WHAT IS PARKINSON'S DISEASE?
Parkinson's disease is a movement disorder. In people with Parkinson's, a vital chemical in the brain called dopamine is gradually reduced. This brings on symptoms of tremor, slowness in movement, stiff limbs, and walking or balance problems. It progresses slowly, but it is not a fatal illness. Fortunately, treatments can often delay these symptoms for at least five years.

WHAT ARE THE SYMPTOMS?
The main symptoms are:

  • Rigidity-stiffness in arms and legs
  • Tremor-often most noticeable when the limb is at rest
  • Poor balance and coordination
  • Bradykinesia-slowness in initiating movement, which may lead to less facial expression, change in speech pattern, shuffling gait, smaller handwriting, or trouble with fine finger movements

There are also symptoms that may appear later. You will likely not experience all of the symptoms. Symptoms usually appear gradually.

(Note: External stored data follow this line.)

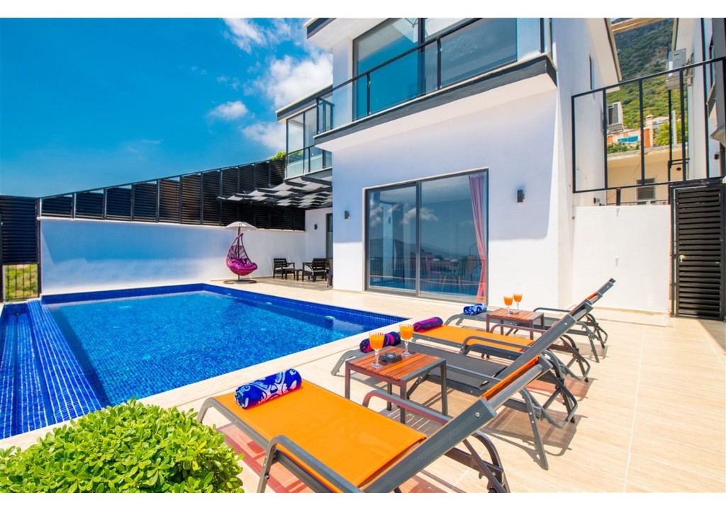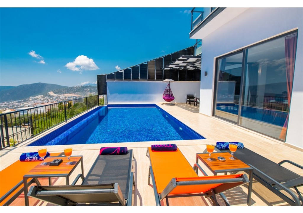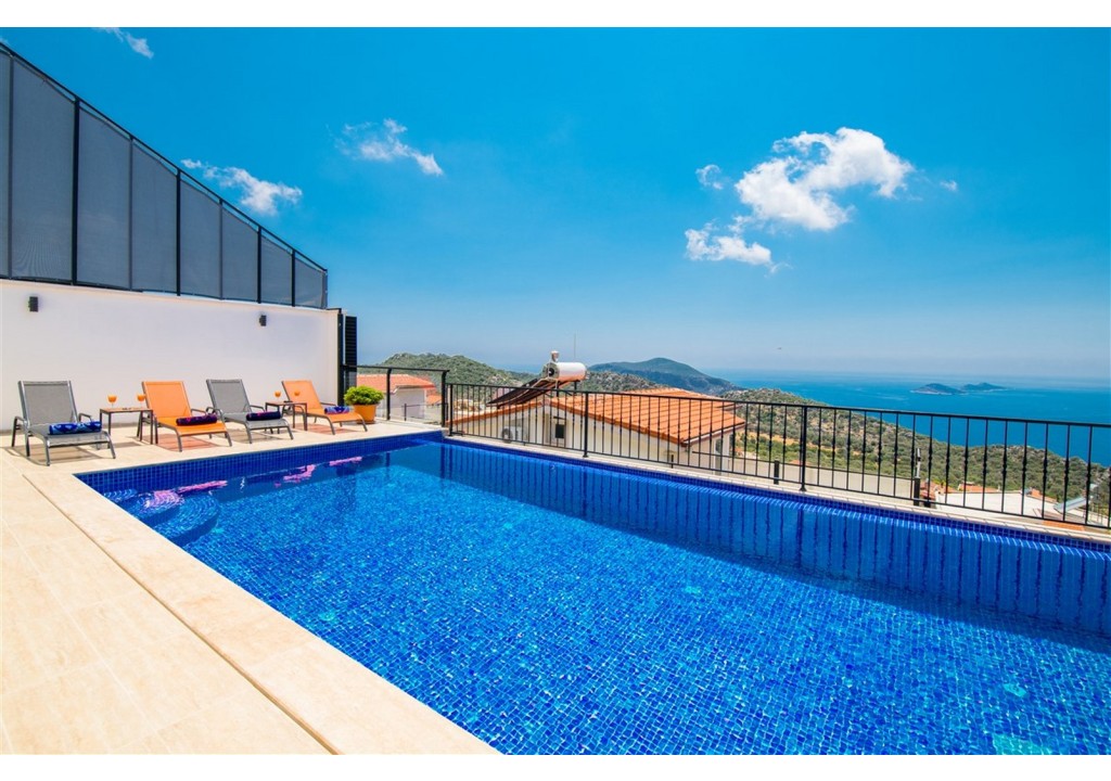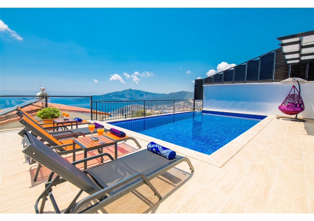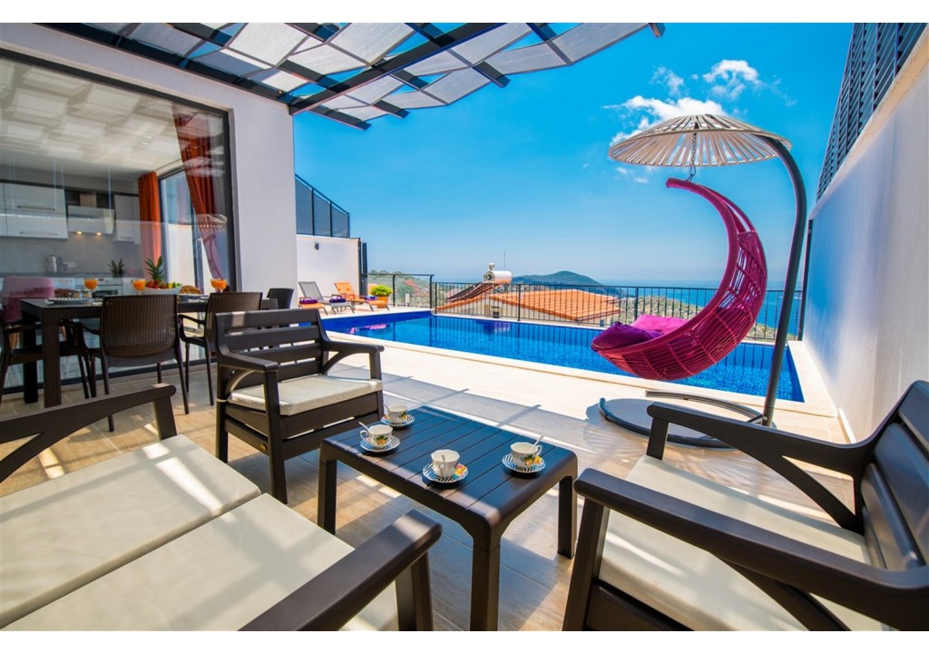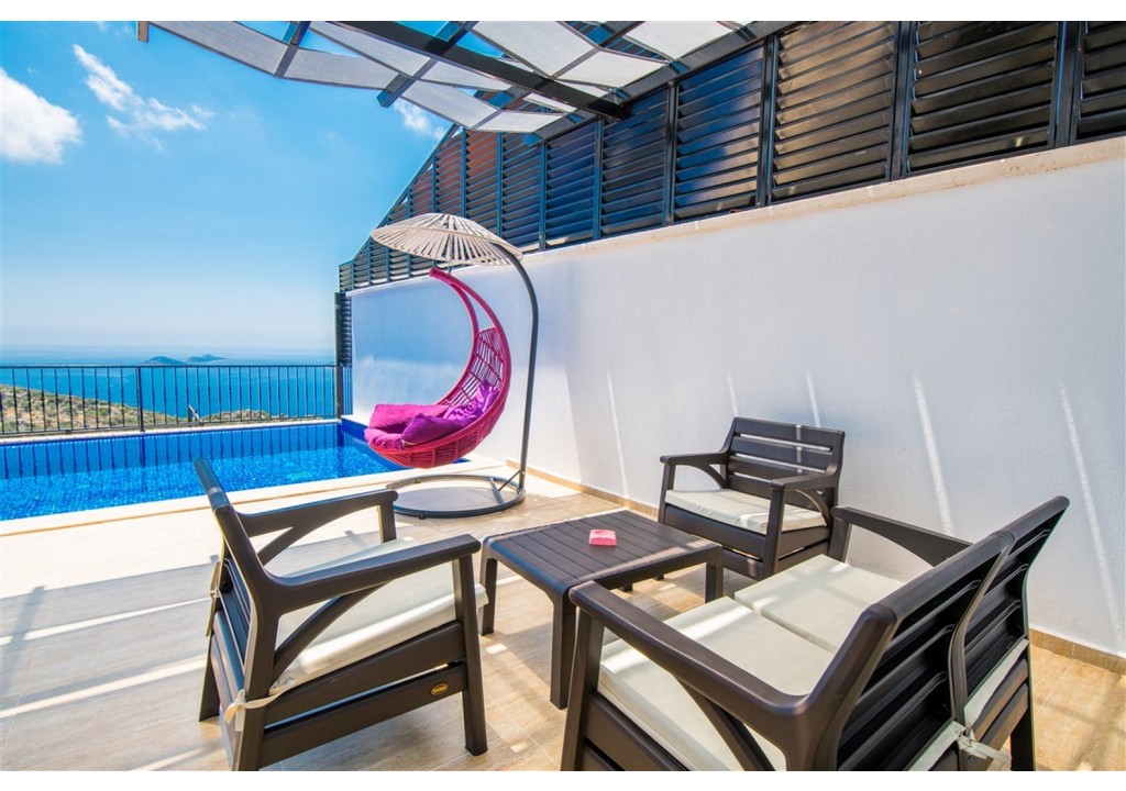 Detayları; Şezlonglar, güneş şemsiyesi, 4 kişilik yemek masası, oturma grubu.
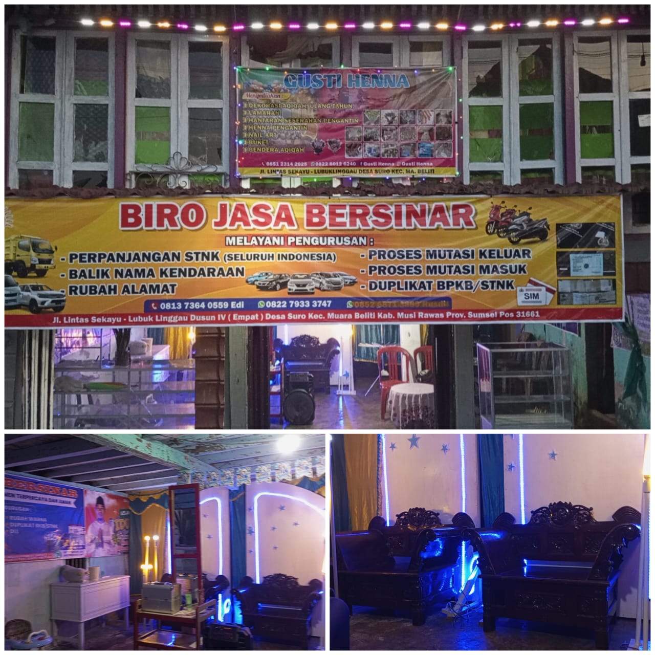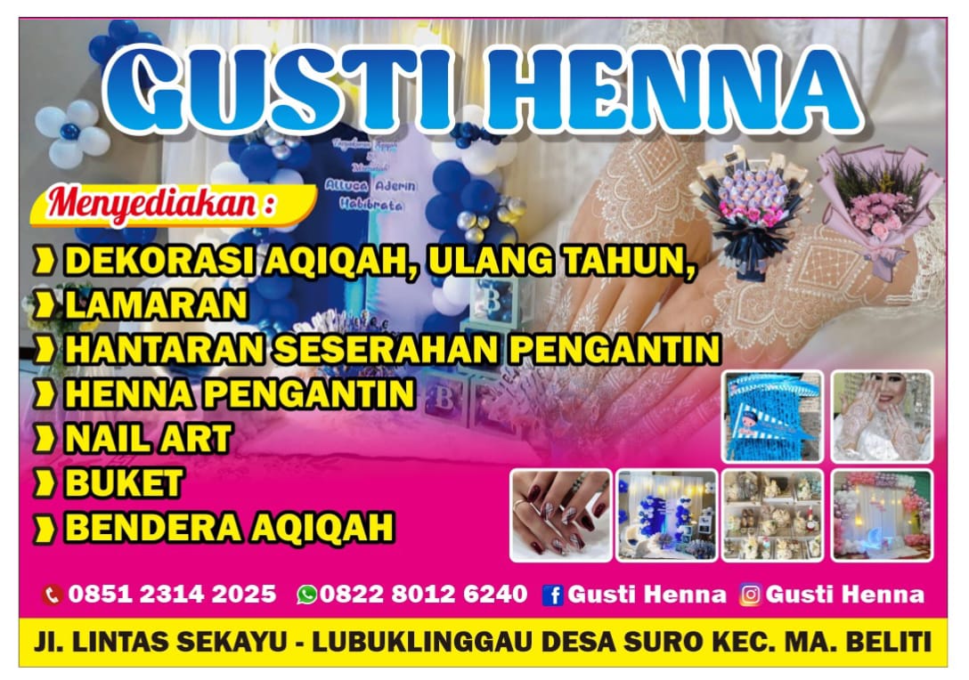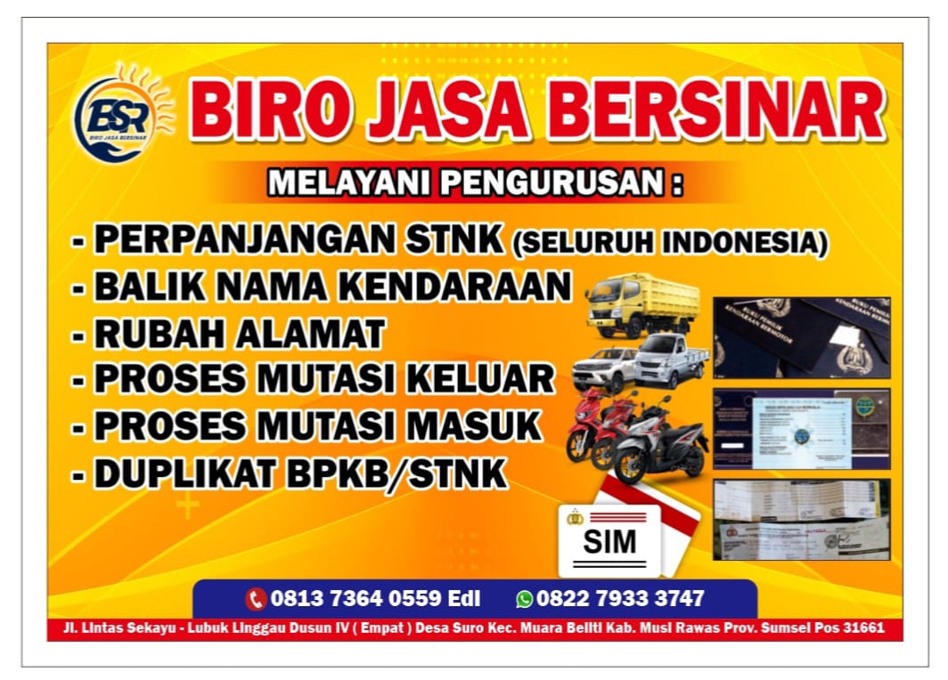 Ulasanrakyat.Com – Musi Rawas. Warga Kabupaten Musi Rawas kini memiliki pilihan baru untuk mengurus berbagai keperluan administrasi kendaraan maupun dekorasi acara. Kehadiran Biro Jasa Bersinar dan Pelaminan Gusti Hanna yang beralamat di Jalan Lintas Sekayu–Lubuklinggau, Dusun IV, Desa Suro, Kecamatan Muara Beliti, Kabupaten Musi Rawas, Provinsi Sumatera Selatan, Pos 31661 menjadi jawaban bagi masyarakat yang mendambakan pelayanan profesional, cepat, dan terpercaya.
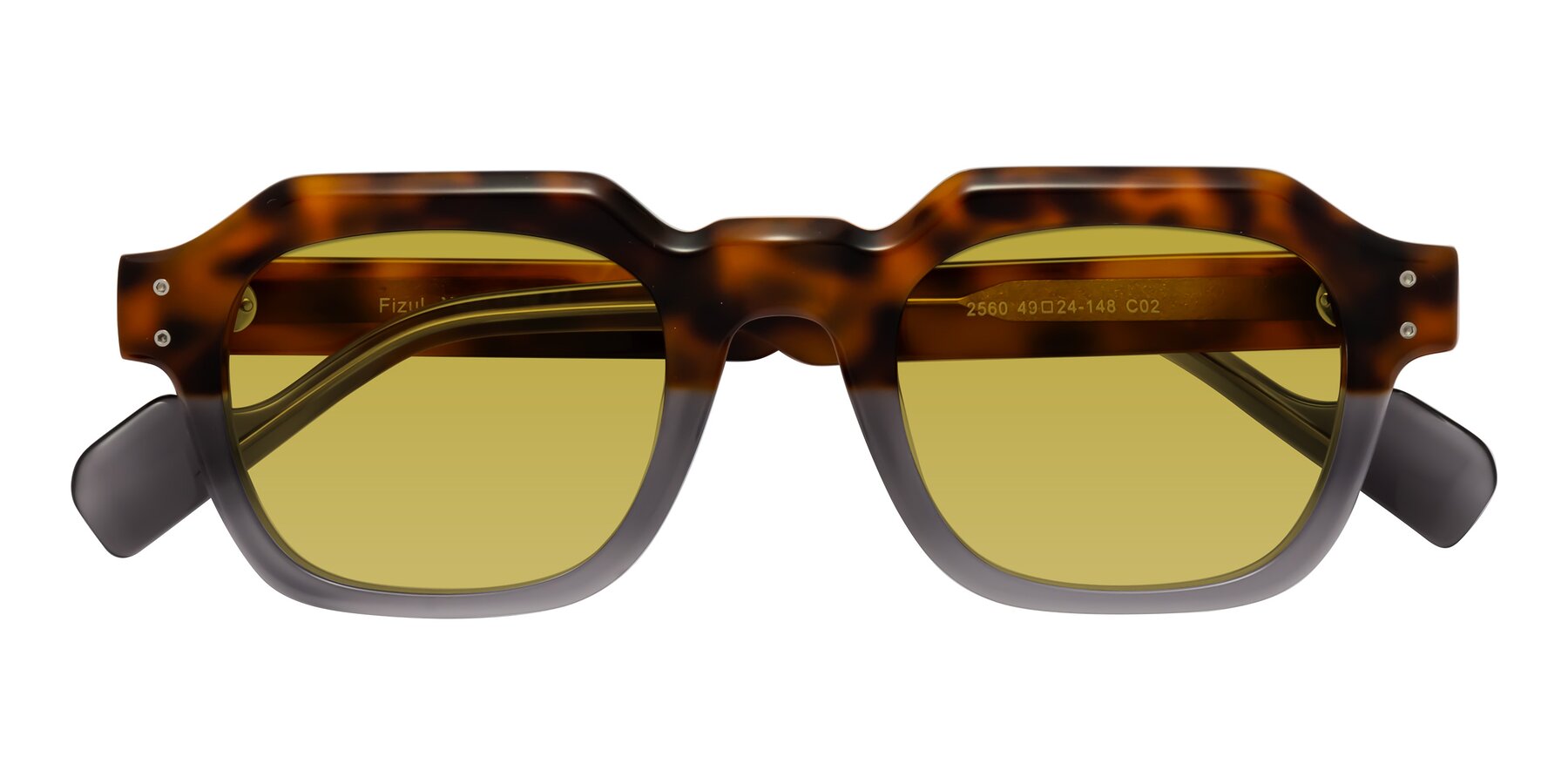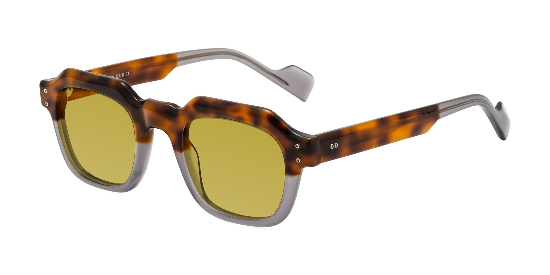 Tortoise/Translucent Gray Retro-Vintage Geometric Full-Rim Tinted Sunglasses with Champagne Sunwear Lenses
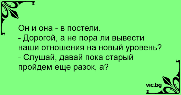 - Дорогой, а не пора ли вывести наши отношения на новый уровень?
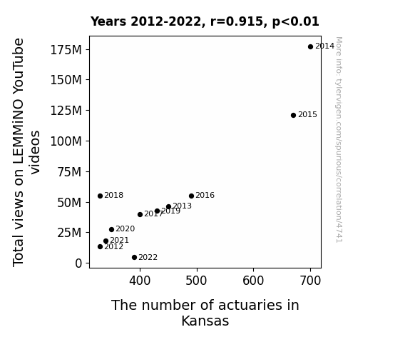 To investigate the mystical magnetism of LEMMiNO's YouTube content on the actuarial workforce of Kansas, our research team embarked on a data-gathering adventure spanning the digital realm and the bureaucratic labyrinth of labor statistics. With a concoction of precision and whimsy, we wrangled datasets from 2012 to 2022, harnessed from the all-knowing archives of YouTube and the infallible repository of the Bureau of Labor Statistics. Our data collection caper involved extracting the total views of all LEMMiNO videos and the number of actuaries gainfully employed in the sprawling plains of Kansas.
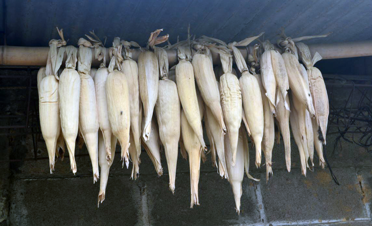 Mazorcas de maíz blanco colgadas para su secado. Foto Carlos Flores
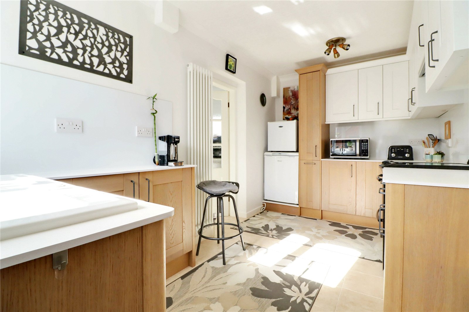 Attractive Fitted Kitchen 13'9" x 7'7" (4.2m x 2.3m). Side composite double glazed entrance door and side uPVC double glazed window. The kitchen enjoys an extensive range of bespoke fitted oak furniture of a shaker style with a complementary worktop with gloss splash backs and incorporates a one and a half bowl ceramic sink unit with drainer to the side and block mixer tap, space for a cooker with overhead built-in AUG extractor, tiled flooring, modern fitted radiator, wall to ceiling coving and doors through to;
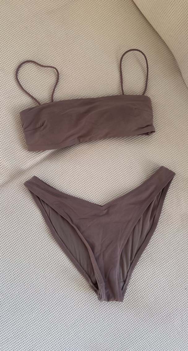 İnce askılı ve vücuda oturan kahverengi bikini, sade ve minimal bir görünüme sahiptir. Düz ve yumuşak kumaşıyla plajda rahat kullanım sağlar. Defosu kusuru yoktur.
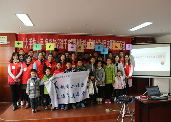 2015年3月机电学院成立了应急志愿服务队,邀请了常州市红十字会及常州龙城救援队的专业人员定期对学生开展系统而严格的培训与考核,迄今支部共有57名学生,4名教师党员获得国家初级急救员证书,具备相对独立的讲解、操作能力。支部多次前往各社区组织开展“党团一家亲,社区志愿行”的志愿服务系列活动。并曾在“一袋牛奶的暴走”、“2017交换卡路里——五四青年暴走公益行”、“滆湖公园万人暴走”等大型公益活动提供救援保障服务。利用所学,服务群众,与社会无缝对接。

WHAT CAUSES PARKINSON'S DISEASE?
The cause of Parkinson's disease is still unknown. Researchers think that both our genes and our environment may playa role. The disorder is due to a loss of nerve cells in an area deep within the brain called the substantia nigra. This area produces the chemical dopamine. Dopamine helps send signals within your brain. Without the right amount of dopamine, your movements could be impaired.

HOW IS PARKINSON'S DISEASE DIAGNOSED?
There is no definitive lab test or brain scan for Parkinson's disease. Your doctor will make a diagnosis based on all of your symptoms. So it is vital for you to be diagnosed by a doctor experienced in treating the disorder. Neurologists are doctors that can make a diagnosis.

WHAT ARE THE TREATMENTS?
Treatment for the symptoms of Parkinson's is usually successful, especially in the early years. But the treatment does not stop the progression or cure the disorder.

A comprehensive treatment plan is the most effective. This includes exercise, good nutrition, and medications. If you do not respond well to medication, surgery may help control your symptoms.

Medications
A neurologist will prescribe therapies tailored to you. But it may take time and patience to identify the medicine and dose that works best.

Side effects can occur. They may include nausea, vomiting, restlessness, and bad dreams. Changing the dosage usually stops the side effects.

Surgery
If your condition has not responded well to drugs, surgery may be an option. Surgery is usually reserved for those people in advanced stages of Parkinson's.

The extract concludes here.